Today’s favourable international economic climate is no guarantee of a sustainable resurgence for Latin American economies, warned Roberto Lavagna, Argentina’s former minister of economy, in an interview with Emerging Markets.
The ex-civil servant set out to temper euphoria over the commodity export-led boom across much of the region. In the case of Argentina, he pointed out that “when you take into consideration export prices – not terms of trade but prices for Argentine products - you see that they were higher in 1996 and 1997 than they are now.”
“Of course, [high] prices help, but that’s not the whole story – we need to be a bit more cautious.”
Although Lavagna refused to comment directly on the domestic policies of his successor, Felisa Miceli, he suggested that Argentina’s success will depend on what policies authorities choose to adopt: to maximize economic opportunity or simply ride the passing wave of a benign global climate.
Since he left the economy ministry last December, Lavagna – who presided over a period of unprecedented economic growth and who is widely credited with playing a key part in the turnaround - has rarely spoken out on economic measures taken since his departure.
But the 64-year old economist-turned-diplomat told Emerging Markets that although he will chose his words and timing carefully, he still feels a duty to address significant issues. Reading between the lines, it is likely that future public statements by the ex-treasury official will seek to remind Argentine authorities not to rest on their laurels.
Nevertheless, Lavagna highlighted two explicit economic trends across Latin America which he believes Argentina pioneered. “The first is the fundamental importance of maintaining a fiscal surplus and the second is the initiation of the process of cancelling debt with international organizations,” he said.

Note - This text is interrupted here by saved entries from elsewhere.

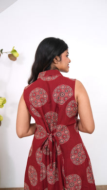 Crimson hibiscus cotton shirt dress(attached sleeves)
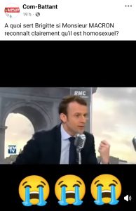 Une vidéo partagée sur Facebook par la page Com-Battant , suivie par plus de 110 mille followers, et sur WhatsApp dans divers groupes, attribue au président français Emmanuel Macron des propos dans lesquels il aurait reconnu être homosexuel.
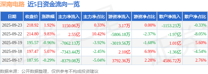 证券之星消息,截至2025年9月23日收盘,深南电路(002916)报收于218.92元,上涨1.92%,换手率2.35%,成交量15.66万手,成交额34.44亿元。
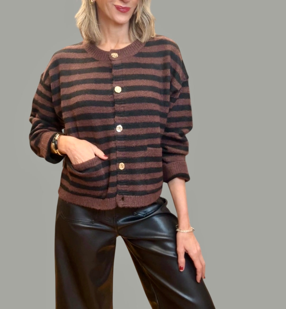 Chaqueta de punto de rayas en marrón y negro.Cuello redondo .Bolsillos delanteros.Cierre con botones en dorado.

High fiscal surpluses are important not only from an economic point of view. They also grant governments the flexibility to make their own policies and to have genuine ownership of their own economic decisions, Lavagna pointed out. Argentina repaid its $9.6 billion debt to the IMF in January this year by drawing on its currency reserves. Its neighbour Brazil paid off its $15.5 billion debt, the largest payment ever made by a member country to the IMF, in December.

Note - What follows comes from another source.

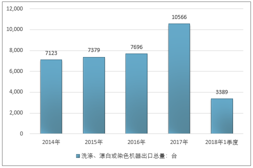 2016年我国洗涤、漂白或染色机器出口总量7696台,2017年出口总量10566台;2019年1季度出口总量3389台。
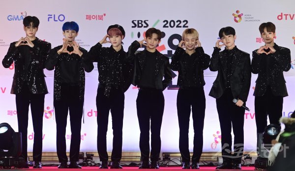 그룹 템페스트가 24일 서울 고척스카이돔에서 열린 ‘2022 SBS 가요대전’ 레드카펫 포토월에서 포즈를 취하고 있다.

In a related development, Uruguay said on Thursday it will repay $630 million to the IMF, clearing in advance all its obligations due to the Washington-based lender for 2006, in a sign of the country’s improving economic health. The South American nation, which still owes the fund $1.6 billion in outstanding debt, is working to leave behind the deep economic crisis that began in 2001 as recession struck neighbouring Argentina and Brazil.